1

I have a problem where I want to model the duration of a task. I have variables that represent the number of actions required (all of them require the same time to be executed) for task completion and the category of the task which is a categorical variable. Additionally, I have turned the categorical variable into dummy variable.

What troubles me is that my output variable is duration and more specifically number of seconds, thus positive and continuous in the [0,+00). What type of regression can I choose for this problem?

A first quick thought was to predict the log(duration) with some method like linear regression, regression decision tree or SVR but then again when exponentiating the results in order to make them interpretable as seconds, I will come up to negative time too.

Note: I would prefer not to mess up with neural nets. I'm sure there is an easier solution.

In case it helps my train data look like this:

+------------+---------+------------+---------+
|dur(sec)    |actions  |task_catA   |task_catB|
+------------+---------+------------+---------+
| 1256       | 257     | 0          | 1       |
| 857.2      | 121     | 1          | 0       |

I use R.

Mewtwo
  • 305
  • 2
    A first quick thought was to predict the log(duration) with some method like linear regression, regression decision tree or SVR but then again when exponentiating the results in order to make them interpretable as seconds, I will come up to negative time too. - Are you really sure of this? How do you get the exponential of a real logarithmic to be negative? – Firebug Nov 23 '17 at 09:54
  • 1
    The exponential distribution is often used to model waiting times and may make sense here.

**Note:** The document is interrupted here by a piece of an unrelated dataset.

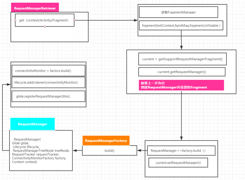 代码1和代码2被调用假设当前的activity还没有RequestManagerFragemnt,必然就会执行去创建的流程,代码1执行到了 pendingSupportRequestManagerFragments.put(fm, current);异步去添加,也就是使用handler将整个添加操作包装成了Message发送到了主线程的Looper中的messageQueue中而不是立即执行会等到Looper.looper()中遍历到它然后交给他的handler去处理他。异步添加在RFM没有添加到Activity中的时候,然后代码2就执行了同样也Activity中没有RFM也会去创建,这样就会在同一Activity中有两个RequesManagerFragment就出事了,所以引入了pendingSupportRequestManagerFragments,保证不会有上述情况的发生。向Activity中添加RFM这个异步任务之后,向Handler发送移除从pendingSupportRequestManagerFragments移除,这样就保证,在添加成功之前,都能在pendingSupportRequestManagerFraments中获取到RFM。

Look at exponential regressions. – Stephan Kolassa Nov 23 '17 at 11:10

1 Answers1

2

Your problem doesn't really need complex Machine Learning algorithms. I think one good option is Stephan's sugestion, a Exponential Regression.

This means you assume your dependent variable follows a exponential distribution, with p.d.f: $$f(x) = \lambda \exp(-\lambda x)\ I_{(0, \infty)}(x)$$

where $\lambda$ is the occurrence rate per unit of measurement, which can be time, distance, etc.

Nick Cox
  • 56,404
  • 8
  • 127
  • 185
Bruna w
  • 541